Nesse clima, a analogia do arcebispo comparando crianças cubanas de 60 anos atrás com crianças principalmente da América Central agora tornou-se especialmente controversa.

A posição da Igreja é que todas as crianças merecem assistência, mesmo que cheguem ao solo americano sem documentos ou com a ajuda de contrabandistas pagos. Mas os críticos argumentam que a Operação Pedro Pan foi diferente: um esforço organizado em que crianças – a maioria de famílias de classe alta e média – chegaram em voos comerciais com isenção de visto, passaporte e carteira de vacinação.

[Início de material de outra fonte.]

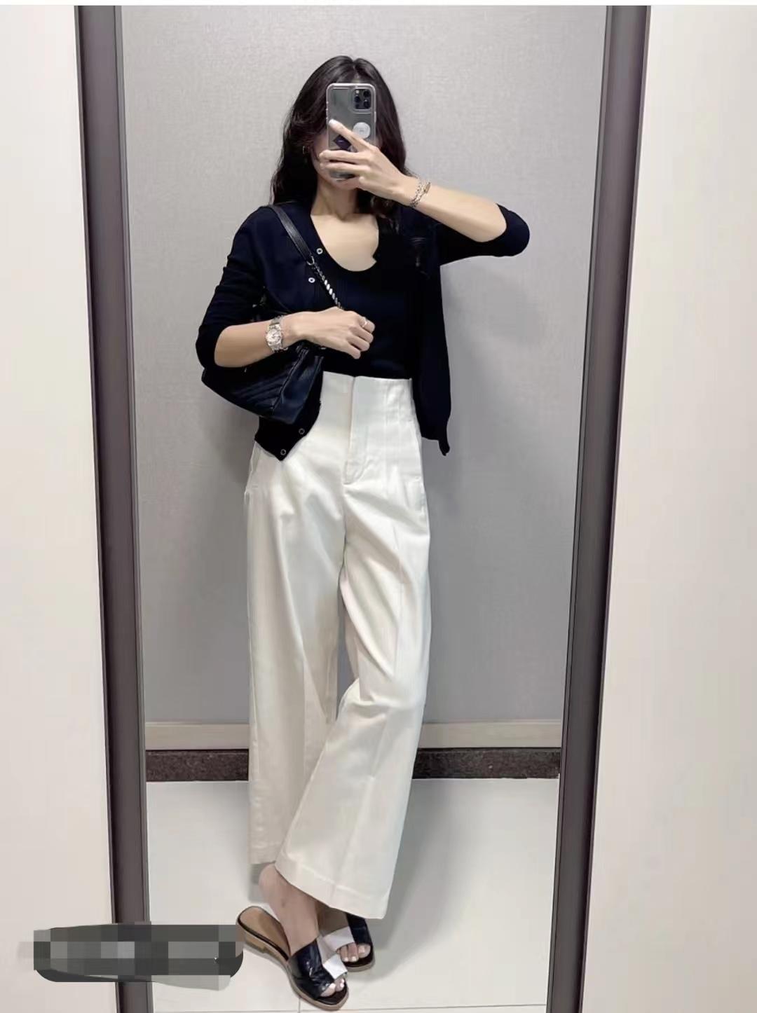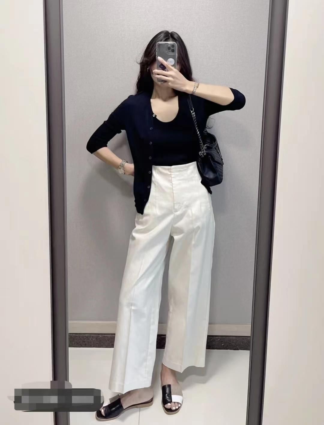 夏季防曬開衫+休閑褲穿搭,內(nèi)里是針織背心打底,一套夏日出行防曬必備單品搭配,下半身搭配米白色高腰休閑褲和瑞典小眾涼拖,打工人簡約大氣通勤穿搭。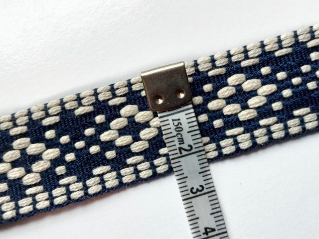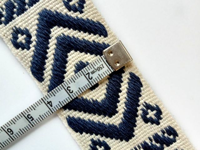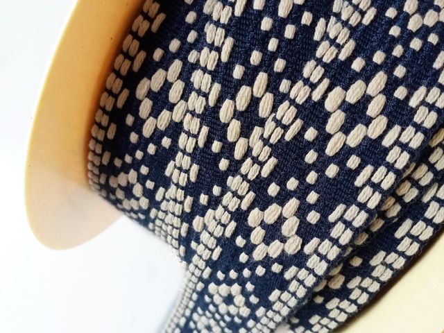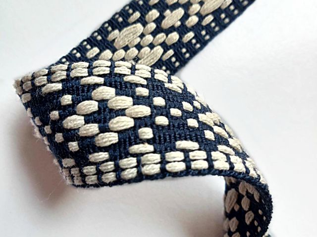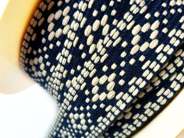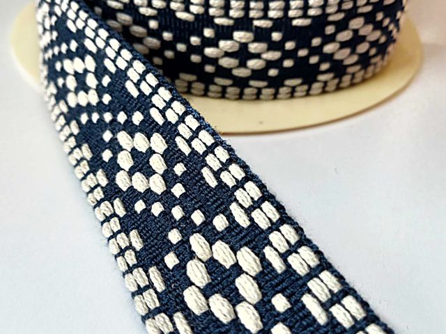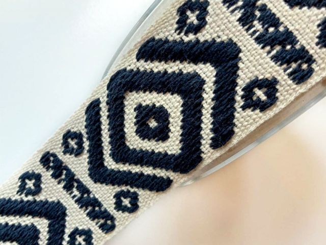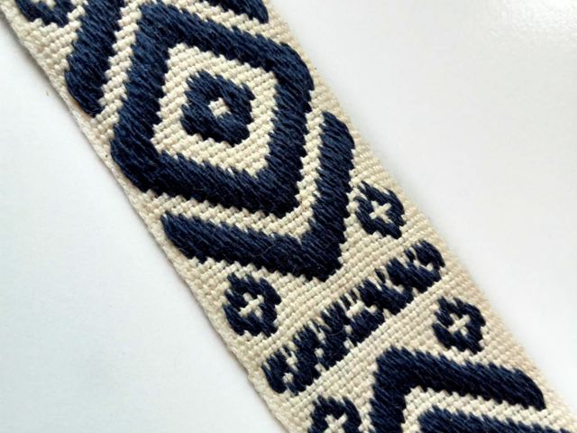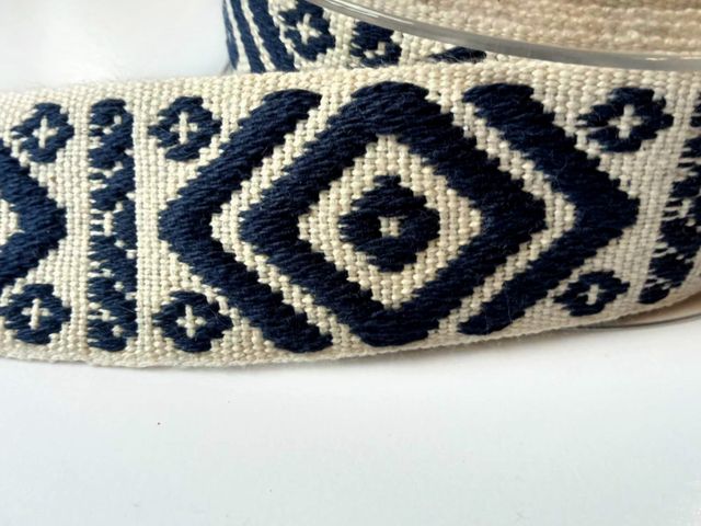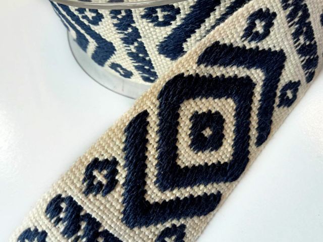 Passamaneria etnica base blu disegni avorio, altezza 25 mm. Poliestere-cotone. Ideale per arredamento, hobby, abbigliamento. Made in Italy

Por estarem fugindo do comunismo, os cubano-americanos se beneficiaram de políticas especiais de imigração que lhes permitiram permanecer mais facilmente nos Estados Unidos. Eles consolidaram seu poder trabalhando com democratas e republicanos, tentando manter a questão de Cuba acima da briga partidária. Agora, como quase tudo o mais, isso também foi manchado pela polarização.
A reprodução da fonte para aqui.